The vaccination campaign is increasing speed around the world

The campaign to beat the coronavirus is growing rapidly in some places, and Britain is starting to deliver the second vaccine to its arsenal on Monday. But authorities in France and other European countries are under fire for slow deployments and delays.

In the U.S., government officials reported that vaccinations have accelerated markedly after a slow start. Dr. Anthony Fauci, the country’s top infectious disease expert, said over the weekend that 1.5 million shots were administered in 72 hours, bringing the total for the past three weeks to about 4 million. .

On Monday, Britain became the first nation to start using the COVID-19 vaccine developed by AstraZeneca and Oxford University, which stepped up its nationwide inoculation campaign amid high rates of infection guilty of a new and apparently more contagious variant of the virus.

Brian Pinker, an 82-year-old dialysis patient, received the first shot at Oxford University Hospital and said in a statement: “I can now look forward to celebrating my 48th wedding anniversary.”

Britain’s vaccination program began on December 8 with the shot developed by Pfizer and its German partner BioNTech.

The country has recorded more than 50,000 new coronavirus infections a day over the past six days and deaths have risen from 75,000, one of the worst tolls in Europe.

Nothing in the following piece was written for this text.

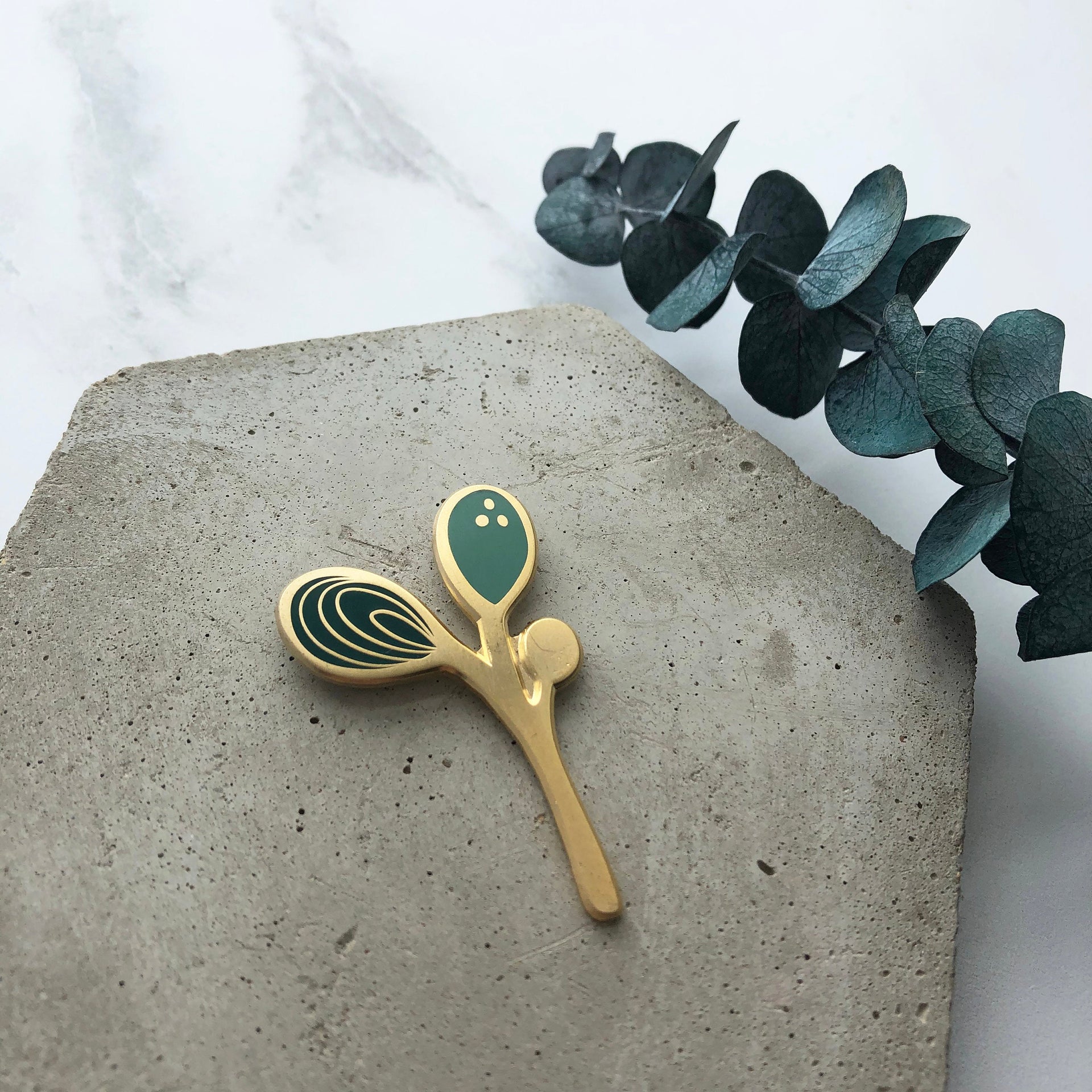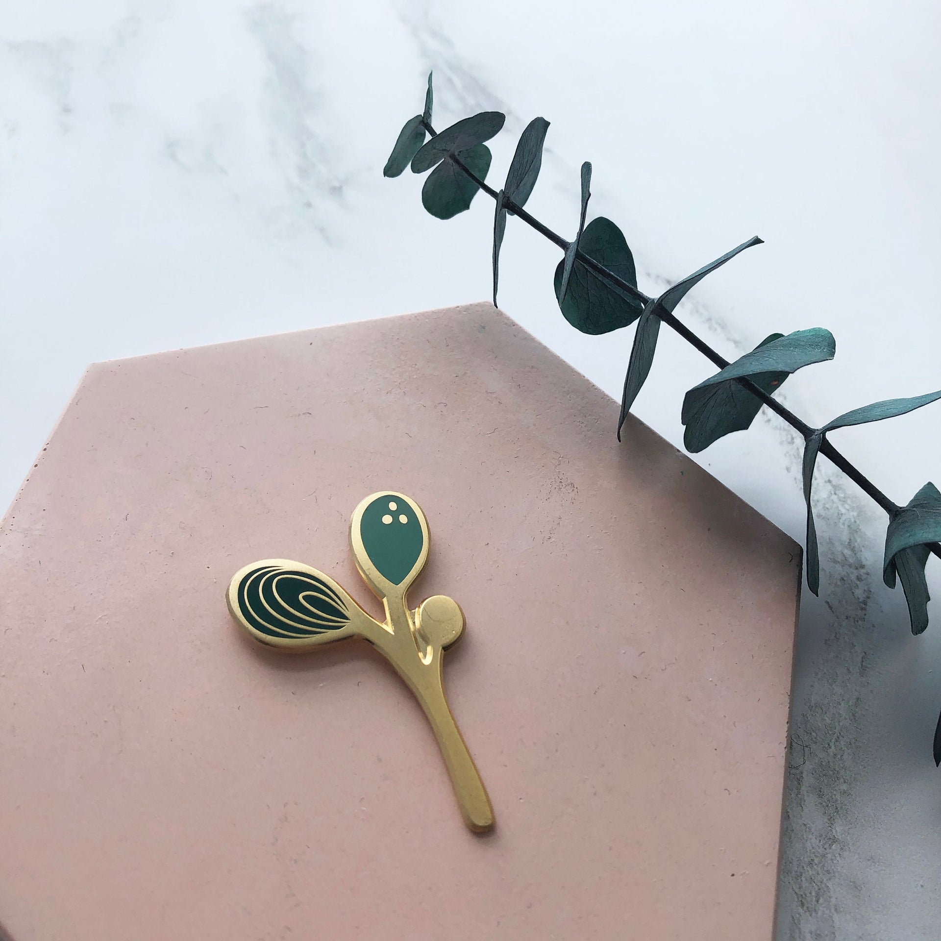 A beautiful and unique Eucalyptus branch enamel pin, the perfect gift for any plant lover

Prime Minister Boris Johnson announced a wave of closures almost the weekend before Christmas and warned on Monday that “hard and tough” weeks are ahead and that there will soon be stricter restrictions: “If you look at the numbers , there is no doubt that we will have to take tougher action. “

Israel appears to be among the world leaders in the vaccination campaign, inoculating more than a million people, or about 12% of its population, in just over two weeks. The effort has been driven by a centralized, high-quality health system and by the country’s small concentrated population.

Elsewhere, France’s cautious approach seems to have come back, leaving only a few hundred people vaccinated after the first week and rekindling anger over the government’s management of the pandemic.

The slow deployment has been attributed to mismanagement, staff shortages during the holidays and a complex consent policy designed to accommodate vaccine skepticism among the French.

“It’s a state scandal,” Jean-Rottner, president of the Grand-Est region of eastern France, told France-2 television. “Getting vaccinated is getting more complicated than buying a car.”

Health Minister Olivier Veran promised that by the end of Monday “several thousand” people will have been vaccinated, at a rate that will increase during the week. But this would still leave France far behind its neighbors.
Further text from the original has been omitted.